Impaired Glucose-Stimulated Insulin Secretion Is Coupled With Exocrine Pancreatic Lesions in the Cohen Diabetic Rat

Abstract

OBJECTIVE—The Cohen diabetes–sensitive rat develops postprandial hyperglycemia when fed a high-sucrose, copper-poor diet, whereas the Cohen diabetes–resistant rat maintains normoglycemia.
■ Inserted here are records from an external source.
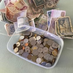 Parti med udenlandske pengesedler. Inkluderer en 500 Quinquentos Meticais, en 100 Baht fra Thailand, en 10 rubel fra Rusland med serienummer eX 5294790, en 5000 dinar fra SFR Jugoslavien, en 500 drachmer fra Grækenland, en 5000 zloty fra Polen, en 20 dinar fra Jugoslavien, en 10 dinar fra Jugoslavien og en 5 tugrik fra Mongoliet med serienummer AB0166215.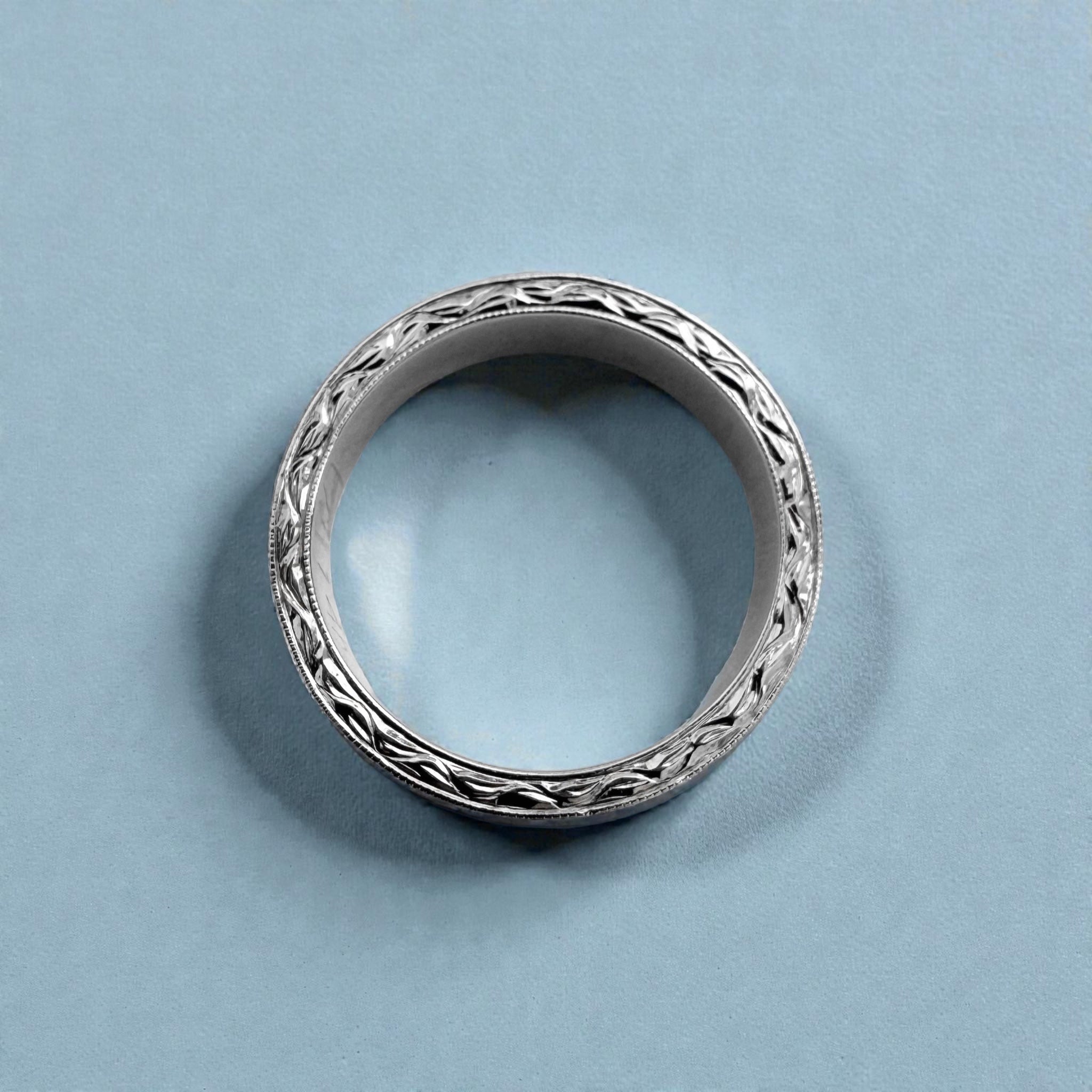 Flat, 4mm wide ring. Shiny Maile design with 1x Hibiscus and 1x Plumeria. Milgrain border.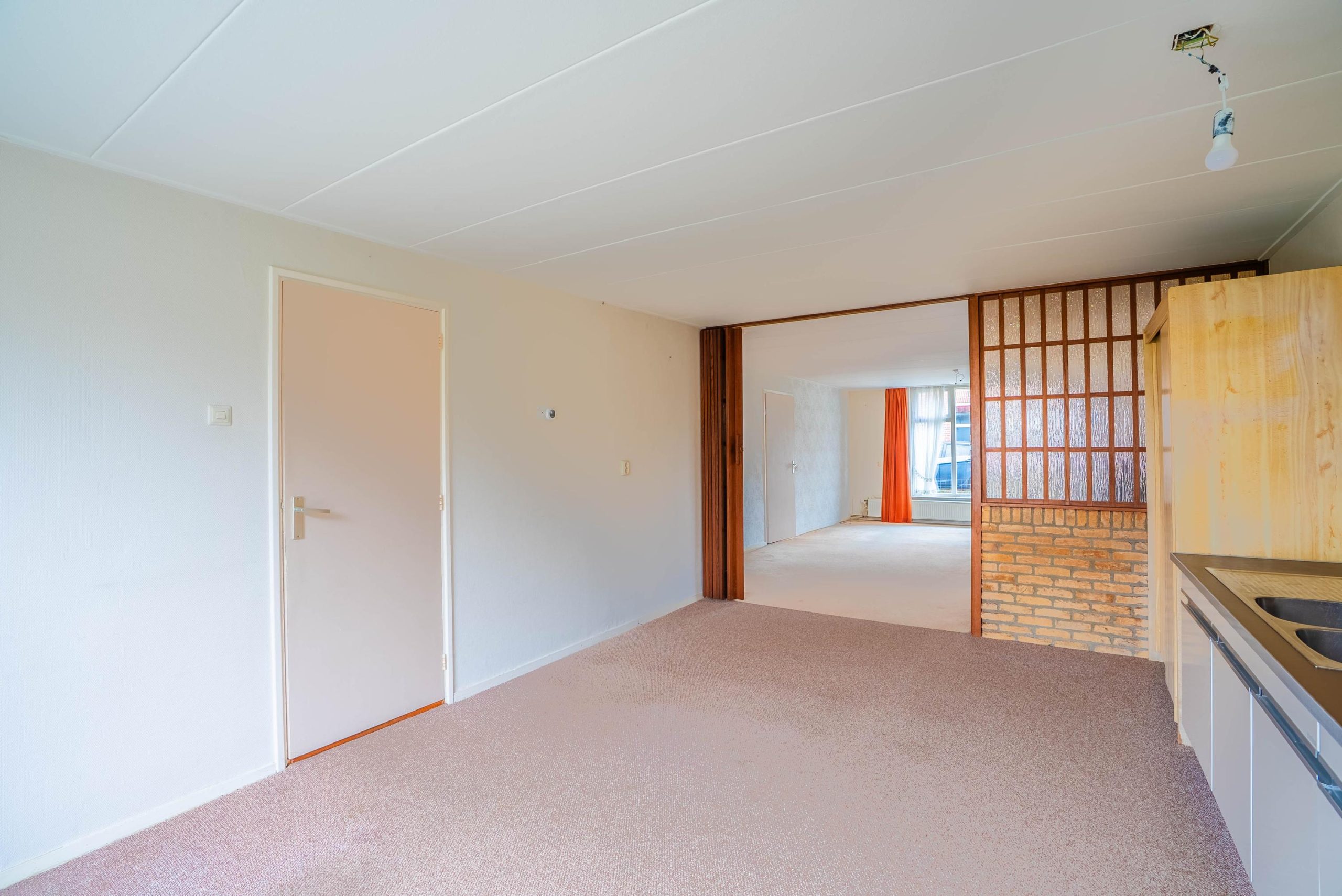 Begane grond: Hal/entree met meterkast en trapopgang naar de verdieping, voorzien van praktische trapkast. De ruime living met open keuken aan de achterzijde (gezamenlijk ca. 48 m²) biedt volop indelingsmogelijkheden. Dankzij de open opzet creëer je hier eenvoudig een moderne woonkeuken met zicht op de tuin. De bijkeuken beschikt over een achterentree, CV-installatie en aansluitingen en afvoer voor de witgoedopstelling. Verder bevindt zich op de begane grond een toiletruimte met wandcloset en fonteintje en een badkamer met douche en wastafelmeubel.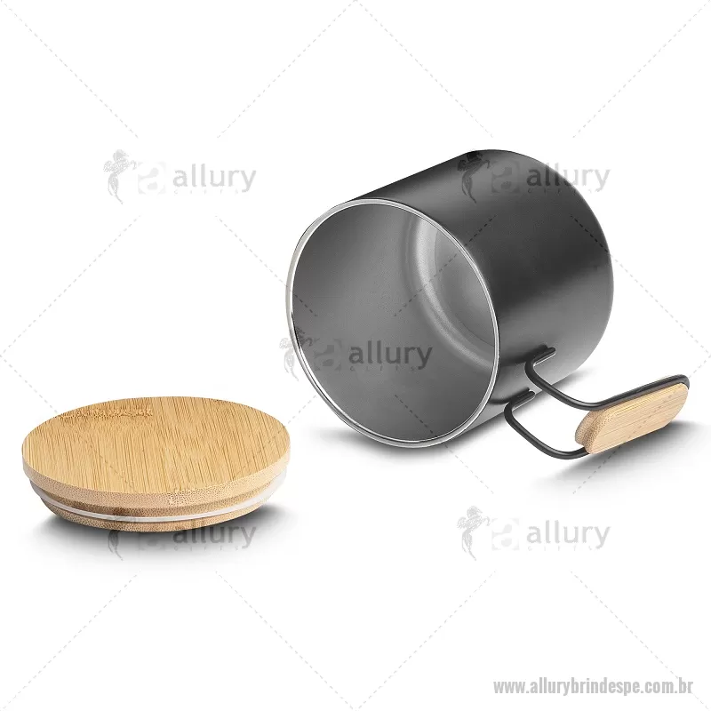 Caneca térmica em aço inox com parede dupla isolada à vácuo, tampa de bambu e anel em silicone para vedação, alça lateral com detalhe em bambu. Capacidade 380ml. - - ALLPECAN062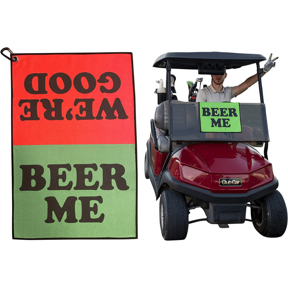 Looking for a way to keep your clubs clean and your cup holder full? Look no further than the TrueBirdie Golf Towel Beer Me! This versatile, dual-purpose towel is made of high-quality waffle-style microfiber that will make sure your clubs are always sparkling clean. But that's not all - on one side it says "Beer Me" in big, bold letters, so you can flag down the cart girl for a refill. On the other side, it says "We're Good", so she knows not to bother you if you don't need anything. Whether you're out on the course or relaxing at the 19th hole, this towel is a must-have accessory. So grab one today and keep your game on point.

The pathophysiological basis of diabetes was studied in the Cohen diabetic rat centering on the interplay between the exocrine and endocrine compartments of the pancreas. RESEARCH DESIGN AND METHODS—Studies used male Cohen diabetes–sensitive and Cohen diabetes–resistant rats fed 1-month high-sucrose, copper-poor diet. Serum insulin and glucose levels were measured during glucose and insulin tolerance tests. The pancreas was evaluated for weight, insulin content, macrophage, and fat infiltration. Glucose-stimulated insulin secretion (GSIS) was determined in isolated perfused pancreas and in islets. RESULTS—Hyperglycemic Cohen diabetes–sensitive rats exhibited reduced pancreatic weight with lipid deposits and interleukin-1β–positive macrophage infiltration in the exocrine pancreas. Islet morphology was preserved, and total pancreatic insulin content did not differ from that of Cohen diabetes–resistant rats. Lipids did not accumulate in skeletal muscle, nor was insulin resistance observed in hyperglycemic Cohen diabetes–sensitive rats. Intravenous glucose-tolerance test revealed markedly elevated glucose levels associated with diminished insulin output. Insulin release was induced in vivo by the non-nutrient secretagogues arginine and tolbutamide, suggesting a selective unresponsiveness to glucose. Decreased GSIS was observed in the isolated perfused pancreas of the hyperglycemic Cohen diabetes–sensitive rat, whereas islets isolated from these rats exhibited glucose-dependent insulin secretion and proinsulin biosynthesis. CONCLUSIONS—The association of the in vivo insulin secretory defect with lipid accumulation and activated macrophage infiltration in the exocrine pancreas suggests that changes in the islet microenvironment are the culprit in the insulin secretory malfunction observed in vivo.